When eating disorders are trending
During this last episode, my loss of appetite was intense. I was down, I hated myself, and I focused all my negative energy on my body -my image, my fat, my skin, my thighs, my face… I knew that when I ate, I felt bloated, I felt uncomfortable, so I did what I thought was the only answer. I abstained. Ultimately, being an academic at heart, I decided to research methods of losing weight. I looked for thin women to follow on social media. I Googled different foods to eat that had the least amount of calories. And then, I discovered something that was so disturbing it had the power to help me come out of my self-deprecating depression. This thing that I found referred to itself as ‘thinspiration.’ It targeted, and was perpetuated by, mainly teenage boys and girls (usually the latter) and ultimately used memes, mantras, imagery, and catchy phrases to promote eating disorders and being “thin.”

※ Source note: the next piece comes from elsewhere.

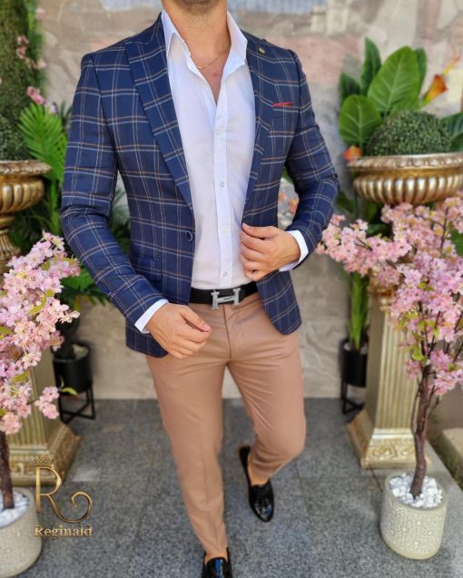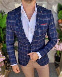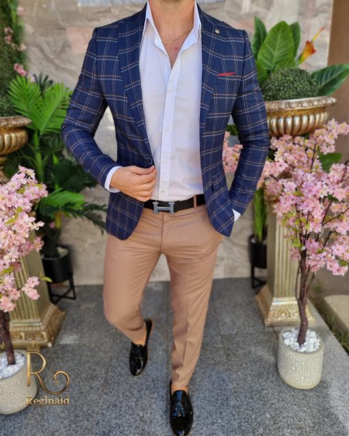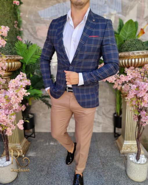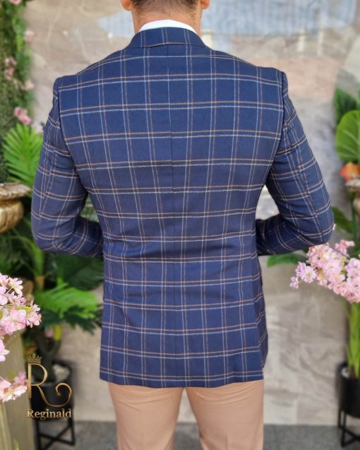 Sacou de bărbați bleumarin in carouri, Slim-Fit – SC837

This discovery was difficult for me. I empathized. At first, I even indulged. I poured over images of dangerously thin women on social media and swooned over their protruding bones and lack of puffy, swelling, bloated stomachs. I read memes that suggested ridiculous eating habits and shouted slogans, such as “skip dinner, wake up thinner,” or “you don’t have to be the fat friend forever!” My indulgence, however, was short lived. I soon realized how disturbing this trend truly was -especially when I found the hashtag “pro Ana.” No, Ana is not a woman -it is short for pro-anorexia. Make no mistake, when I say ‘found’ I don’t mean it was difficult; on the contrary, these trends popped up everywhere. They were prominent, they were loud, and they were enticing. They did not require any work to ‘find.’
My journey back to the right way
These pro-ana and thinspiring trends had one positive affect: they helped me realize how wrong I’d been. Indulging in my mental state and juvenile dreams of being ‘skinny’ were not the answer to my IBS and cognitive health. This discovery helped me get back into trying to eat healthily and, most importantly, forced me to communicate with my partner. I told her about my recent discoveries. We conversed, intensely, about its disturbing aspects and how it originally drew me in. We talked about my IBS and how to truly get control over my body and mental health.
Furthermore, I hadn’t gone to the gym in weeks because of my episode and felt terrible. My fibromyalgia was flaring up because I hadn’t been active. I knew I needed to get back into my routine, but in order to do that I would need to start eating again. I needed energy, fuel for my journey back into fitness, back into mental stability. Additionally, I needed positive imagery to help me visualize my progress. I went back to social media to see women I’d been following who promoted healthy living, fitness, and power-lifting. I giggled at their memes about stuffing their faces with carbs in order to survive a leg-day at the gym and felt inspired again.
This was the right way to counter my IBS, fibromyalgia, and mental health. Positive reinforcement, communication, and staying active. Sedentary life is the catalyst that causes pain, discomfort, and mental instability. I started by just going outside with my partner to walk our dog, then tried to eat small meals during the day, and ultimately was able to get myself back to the gym.
I am still recovering. This is not an easy road. But, I can say that I am no longer on the wrong road. It might be an uphill battle, but I will ride it out, stay on course, and eventually reach my destination of stability again.